- Episode no.: Season 7 Episode 20
- Directed by: Kathryn Bigelow
- Written by: James Yoshimura
- Cinematography by: Alex Zakrzewski
- Production code: 720
- Original air date: May 7, 1999

Guest appearances
- Ron Eldard as Emmet Carey; Gary D'Addario as Lt. Jasper;

Episode chronology
| ← Previous "Identity Crisis" | Next → "The Why Chromosome" |
- Homicide: Life on the Street season 7

= Lines of Fire =

"Lines of Fire" is an episode of the seventh season of the American police drama television series Homicide: Life on the Street. It originally aired on NBC on May 7, 1999. The episode was written by James Yoshimura and directed by Kathryn Bigelow.

== Plot summary ==
Mike Giardello and Stuart Gharty are ordered to investigate when Emmet Carey, a man who has recently lost both his job and a child custody battle, takes his children hostage on a top-floor apartment of a Baltimore high rise. Emmet sees Mike on television when news cameras report to the scene, and develops an immediate fixation on him. The usual hostage negotiator asks Mike to take over, after the otherwise paranoid Emmet shows signs of trusting Mike.

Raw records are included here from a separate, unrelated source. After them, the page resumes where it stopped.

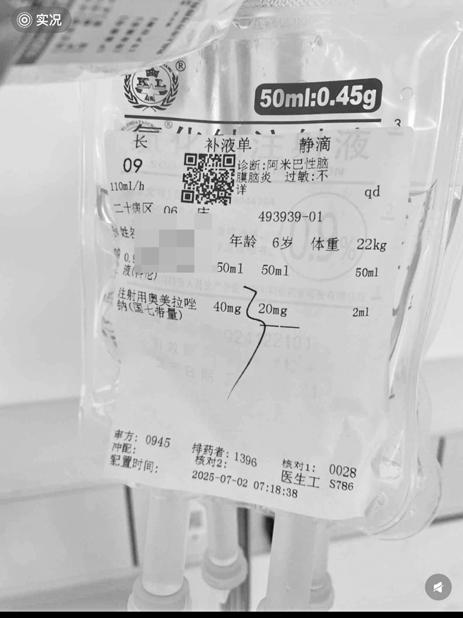 这名宝妈介绍,自己的孩子今年6岁,6月17日忽然发烧,本以为是前一天打水仗着凉了,当天进行了物理降温,第二天去了合肥市第二人民医院检查,6月19日去了市妇幼检查,6月20日又去了小诊所检查,都说是病毒感染。直到6月27日转院至上海复旦大学附属医院,6月30日通过腰穿脑脊液的检查,确诊是感染了狒狒阿米巴虫。这名孩子的情况引来全网关注。
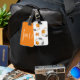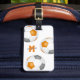 Det här fotbolls-temat-bagagetaggen är helt enkelt designat med tre slumpmässigt arrangerade orange-, grått- och vita fotbollar - personliggör med spelare namn och monogram på framsidan, adress på baksidan - av katz_d_zynes
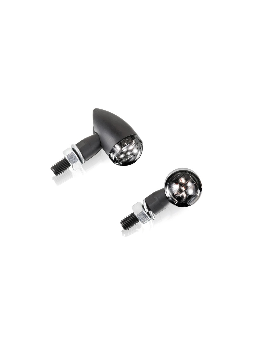 Intermitentes en color negro y con luces LED, se diferencian del resto de su gama por incorporar cristales en acabado ahumado y su tamaño reducido (27x34,20mm). Función intermitente.
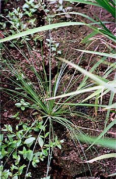 | ミズニラ[ミズニラ科] 名前の通りニラにそっくりです。本州の沼沢地、水田、休耕地、田圃のヘリなどに自生します。自生地では左の写真のように横に広がっていることが多いのですが水槽に入れますと直立して充分鑑賞に堪えます。ミズニラより小さいヒメミズニラが東北地方の月山や八甲田山麓にあるようです。 この水草は、レッドデータブックでは危急種に分類されますが、田圃の畦や休耕田などに大量にあることがあります。漢字で「水韮」と書きます。 ミズニラモドキ 1997年に新種と発表されました(熊本大学)。岡山市の後楽園で初めて観察しましたが、目による観察では通常のミズニラとは区別ができませんでした。 塊茎部の大胞子および小胞子に相違点があるようで顕微鏡による観察が必要とのことです。東北地方の太平洋側、瀬戸内海に面した中国・四国地方に分布しています。 外見上はまったく普通のミズニラですので写真は掲載しませんでした。 |
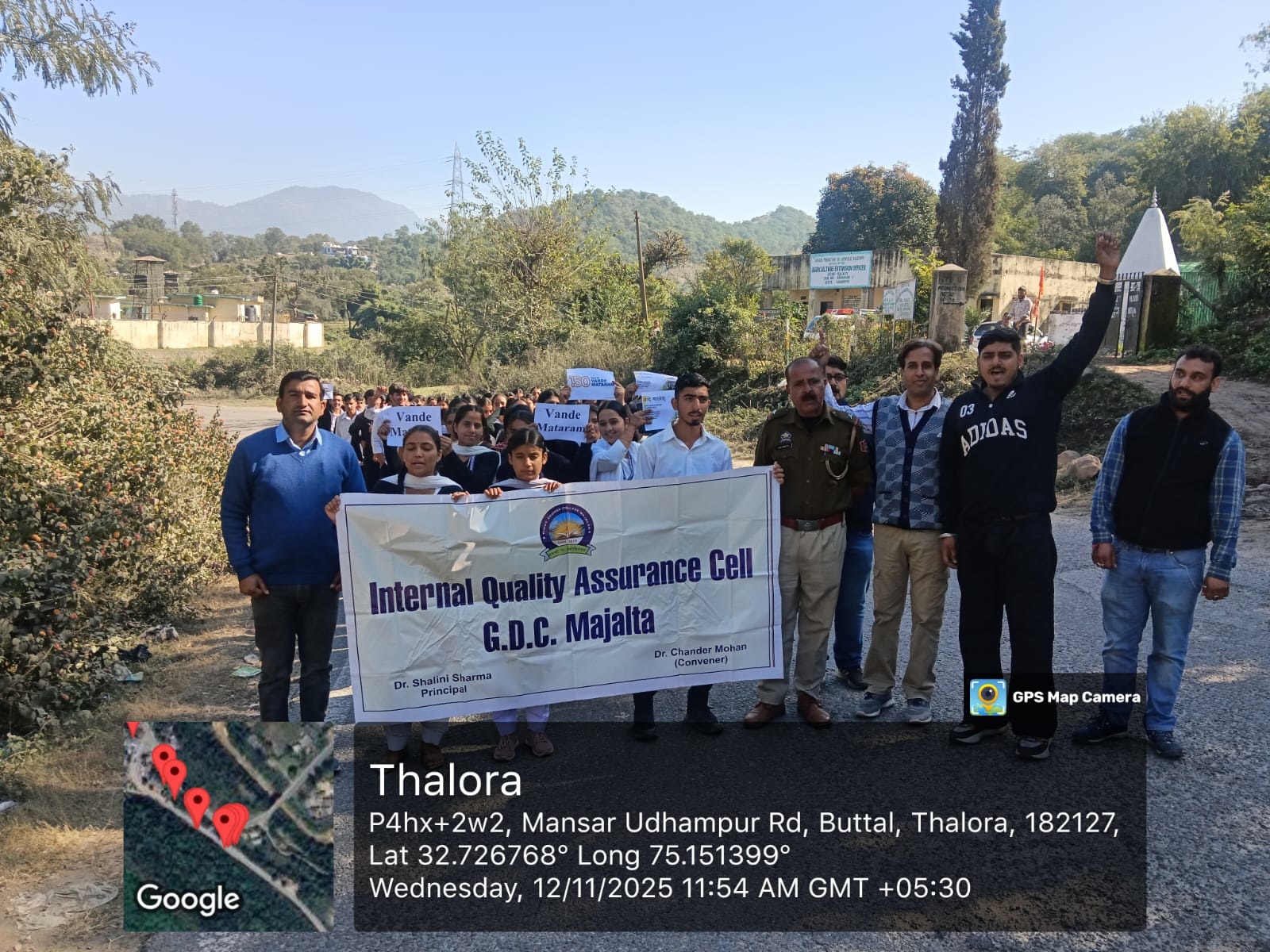 Majalta, Nov 12: Government Degree College Majalta organized a vibrant Youth Rally at Battal Chowk to commemorate 150 years of the patriotic song ‘Vande Mataram’, celebrating its historical and cultural significance in India’s freedom movement. The event was organized by Dr. Chander Mohan Convener IQAC and Dr. Dalip Kumar HOD EVS, coordinated by Prof. Naresh Kumar, under the guidance of the esteemed Principal, Prof. (Dr.) Shalini Sharma. Around 120 enthusiastic students from the college actively participated in the rally, raising slogans and carrying banners that reflected the spirit of patriotism and national pride. The rally aimed to instill a sense of unity, respect for the nation, and awareness among the youth about the legacy of ‘Vande Mataram’. Among the faculty members Prof. Kamal Jeet, Dr. Baljeet Kour, Dr. Sunil Singh and Dr. Mohd Abass Wani also accompanied and guided the students throughout the rally, ensuring its smooth and meaningful conduct. Speaking on the occasion, Prof. (Dr.) Shalini Sharma appreciated the efforts of the organizing team and the active participation of students. She emphasized that such events play a vital role in reconnecting today’s youth with India’s glorious past and cultural heritage. The event concluded with a vote of thanks to all participants and contributors who made the rally a grand success.
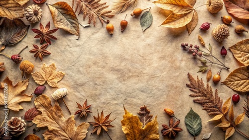 Fototapeta premium Create serene top-view paper dried foliage textured background ample text...
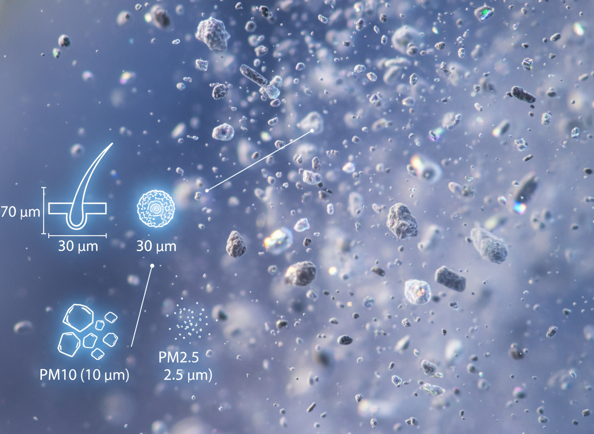 Bụi mịn PM2.5 là những hạt bụi có kích thước nhỏ hơn hoặc bằng 2.5 micromet — tương đương 1/30 sợi tóc người. Với kích thước siêu nhỏ, PM2.5 có thể:
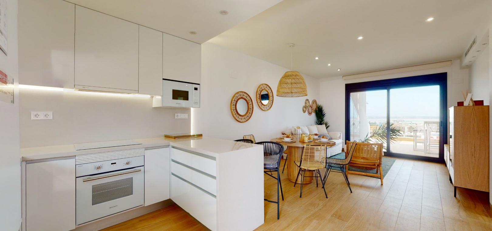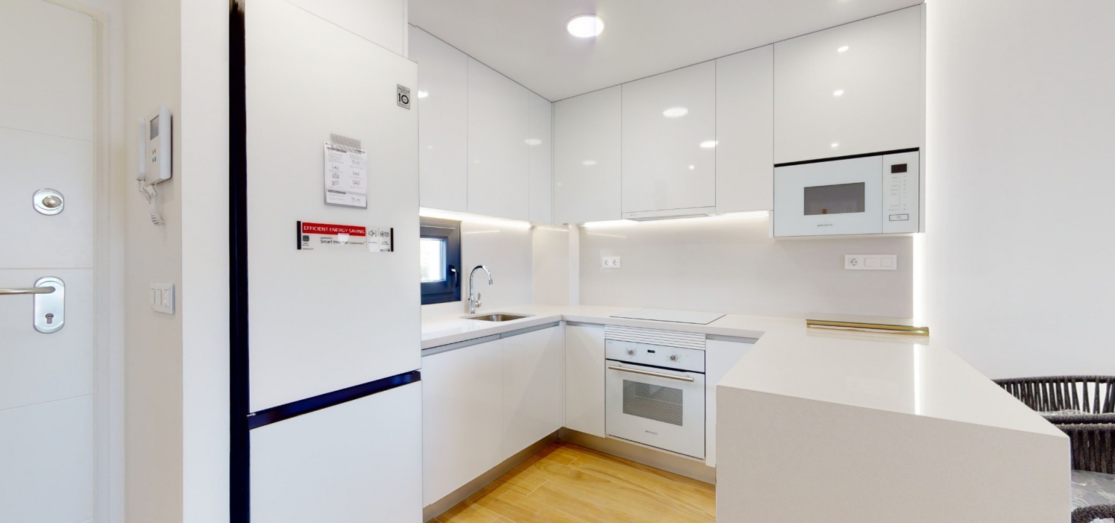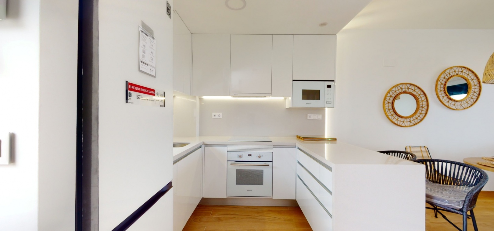 Varje lägenhet har varm/kall luftkonditionering, LED-belysning, golvvärme i badrummen, säker parkering och förråd samt ett modernt kök med inbyggda vitvaror.
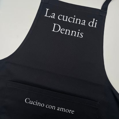 In het opmerkingenveld bij de betaling kun je noteren welke naam er op de schort mag worden gedrukt. Let op: maximaal 14 karakters. De naam zal dan in witte letters (zoals het voorbeeld op de eerste foto) worden toegevoegd aan de zin "La cucina di ...", Italiaans voor "de keuken van...".
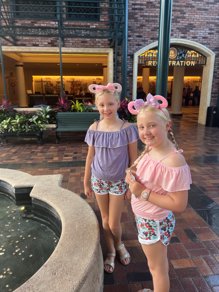 When we got back to the room it was obvious the air conditioning wasn’t right. It was still growling, and the room wasn’t cool. Steve went back to reception. While he was there the maintenance man arrived and said that the air conditioner needed a new part that would take a while to sort out, and that the room was definitely not the right temperature. He phoned his manager and told him to phone front desk to explain and told me we’d need to move rooms, so the girls and I got the few bits we’d got out packed back up. Steve then text to say we were being moved and he’d come up to help with the luggage. It was now 9.30pm and the girls were tired, but it couldn’t be helped, and the staff were so good at helping get everything sorted. The new room was much cooler, and we quickly unpacked rte bits we needed and got them into bed. Plans for a Magic Kingdom rope drop tomorrow have been abandoned, and we’re going to explore Riverside instead.
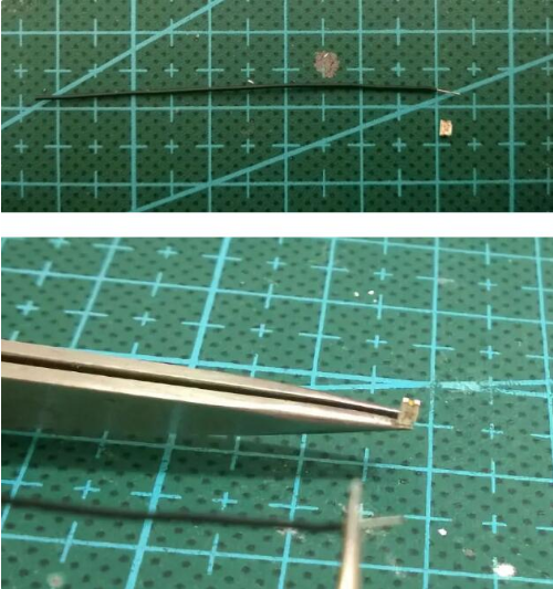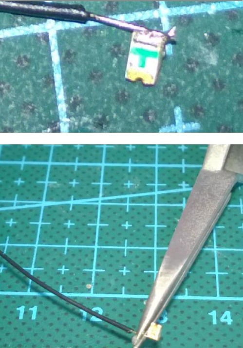 1、首先用鑷子夾住貼片,夾住1端的金屬部分或是側(cè)著夾都行,但是注意不要讓LED燈頭的塑料部分受力,不然在烙鐵加熱時會變軟擠壓變形。有綠色的那頭是負(fù)極。
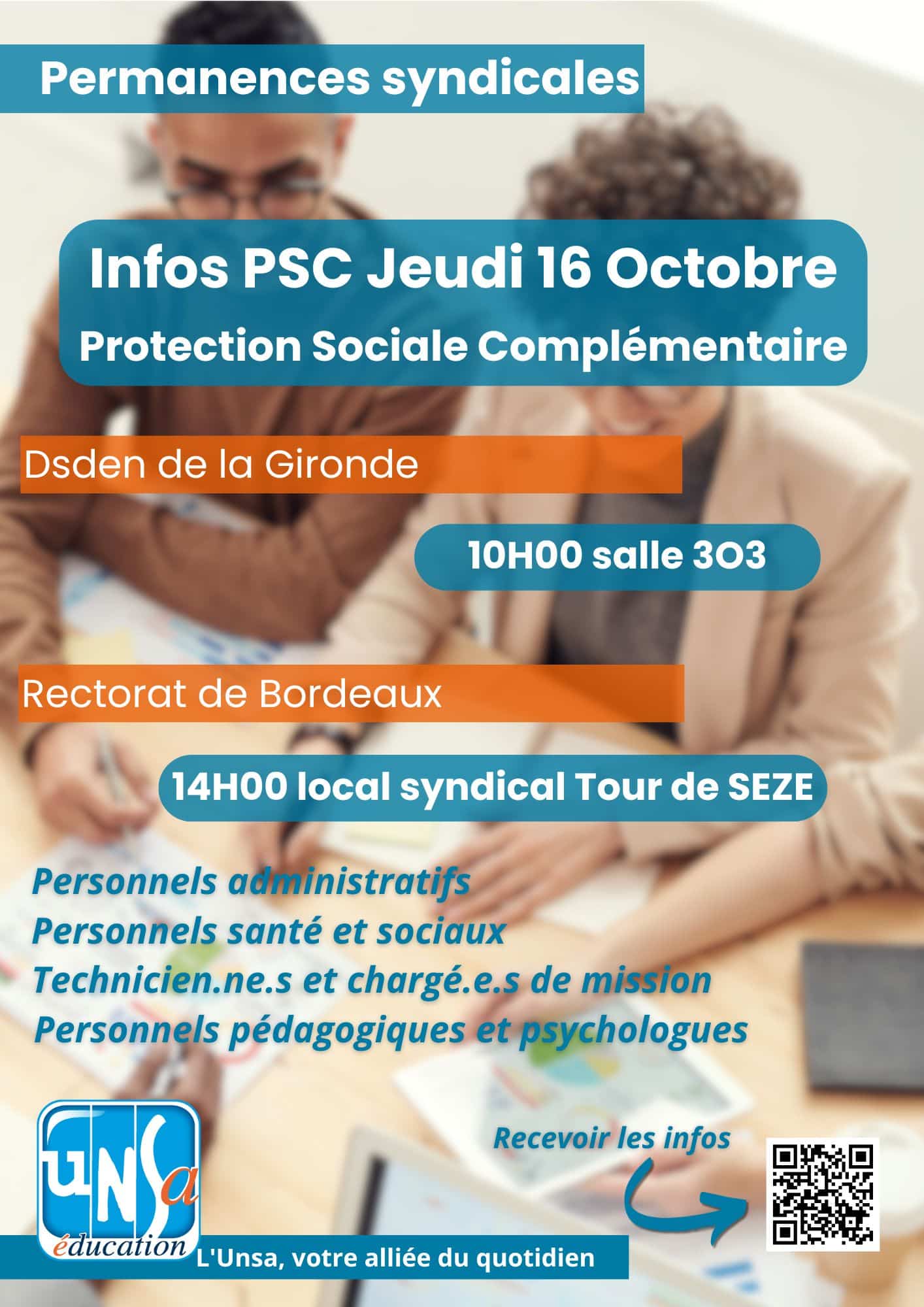 Les opérations d'affiliation de l'ensemble des collègues à la complémentaire santé du ministère sont en cours pour l'académie de Bordeaux. L'Unsa Education sera présente jeudi 16 octobre au Rectorat de Bordeaux (après midi) et à la Dsden 33 (matin) pour vous informer et vous accompagner dans les démarches de la nouvelle Protection Sociale Complémentaire (PSC)
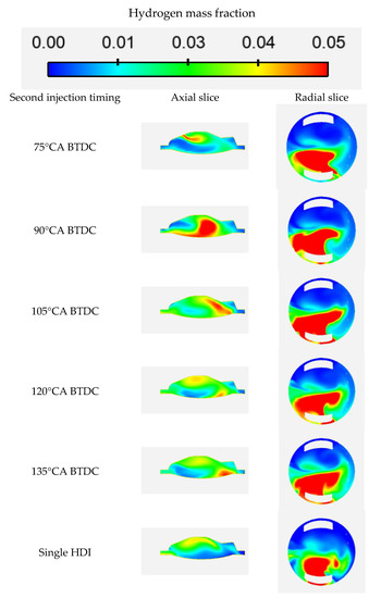 Hydrogen addition improves the efficiency of the engine in three main aspects: accelerating the ignition, accelerating the combustion rate and completing combustion [22]. Single HDI cannot do well in all aspects at the same time. Therefore, single HDI must balance the aspects to have high efficiency. As shown in Figure 4, the HMD of single HDI is rich near the spark plug, which can accelerate the ignition but cannot do well in other aspects. However, the HMD of SHDI is not only rich near the spark plug but also homogenous in other zones. By injecting hydrogen twice, SHDI can do well in all aspects. The rich mixture near the spark plug can accelerate the ignition, and the homogenous HMD can accelerate the combustion rate and complete the combustion. Since the first injection formed a more homogenous hydrogen mixture, the second injection should form a rich zone near the spark plug. As shown in the figure, early injection timing made the mixture too homogenous and late injecting timing made the mixture too rich on one side of the cylinder. As a result, there is a best second injection timing. In this work, it was 105°CA BTDC.
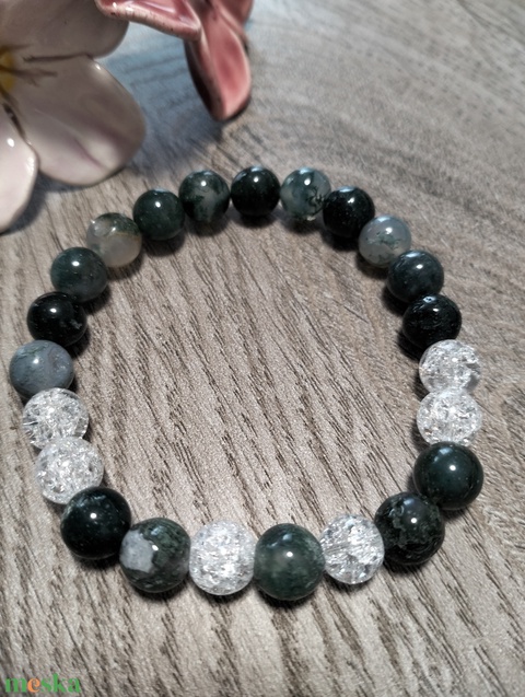 Női Ásványkarkötő - Roppantott hegyikristály + Mohaachát
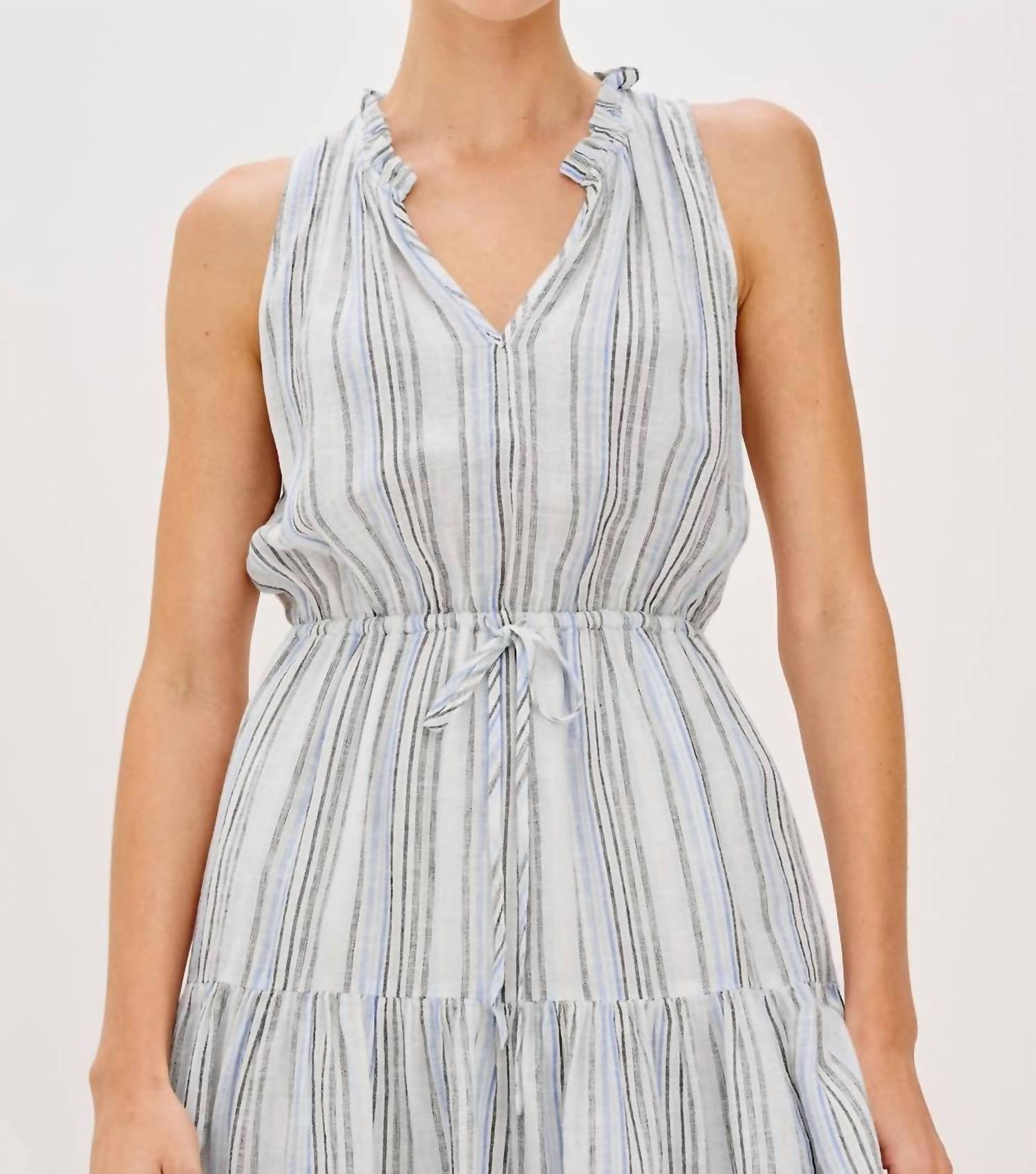 Легкое и элегантное платье, которое вы будете носить круглый год. Мини-платье Albany от Rails - незаменимый предмет гардероба этой весной, идеально подходящий как для пасхальных встреч, так и для неформальных мероприятий. Это платье А-силуэта без рукавов в полоску Antibes Stripe выполнено из смеси 55% льна и 45% эковеро с минималистичным полосатым узором. Регулируемая талия на шнурке и воротник с оборкой добавляют женственности, дополняясь многоярусной юбкой. Застежка: надевается вручную. Уход: ручная стирка и сушка на веревке.

Emmet initially mocks Mike's mixed racial heritage, saying that he's "never seen a black Italian" but the two eventually develop a rapport as they tell each other about their lives, and Mike repeatedly agrees to Emmet's demands for food. However, Emmet shows signs of paranoia and grows increasingly suspicious as Mike stalls for time to avoid fulfilling Emmet's primary demand—a chance to speak to his ex-wife and former boss; Emmet's ex has shown such contempt for Emmet, that Mike knows such a conversation would inevitably lead to violence. In fact, when the ex eventually breaks through the security perimeter, Emmet loses his temper and fires his gun wildly. His intention is only to scare her, but he accidentally hits her with a fatal shot. The hostage negotiator encourages Mike to tell Emmet that his ex received only a minor wound, as news of her death might further antagonize him.

Mike eventually manages to convince Emmet to release his daughter, but immediately afterward, Emmet kills his son and then himself, leaving Mike devastated that he was unable to save the little boy.

== Notes ==
Regular characters Al Giardello, John Munch, Paul Falsone, Rene Sheppard, Terri Stivers and Laura Ballard do not appear in this episode.

The episode was originally planned for airing on April 30, 1999, but NBC moved it back one week to put more distance between the show's gunman/hostage story and the Columbine massacre. A minor continuity error occurs involving Mike Giardello's character, since he resigns from the FBI in "Identity Crisis" (the episode moved into the 4/30 spot). In this episode, he is referred to as "Officer Giardello."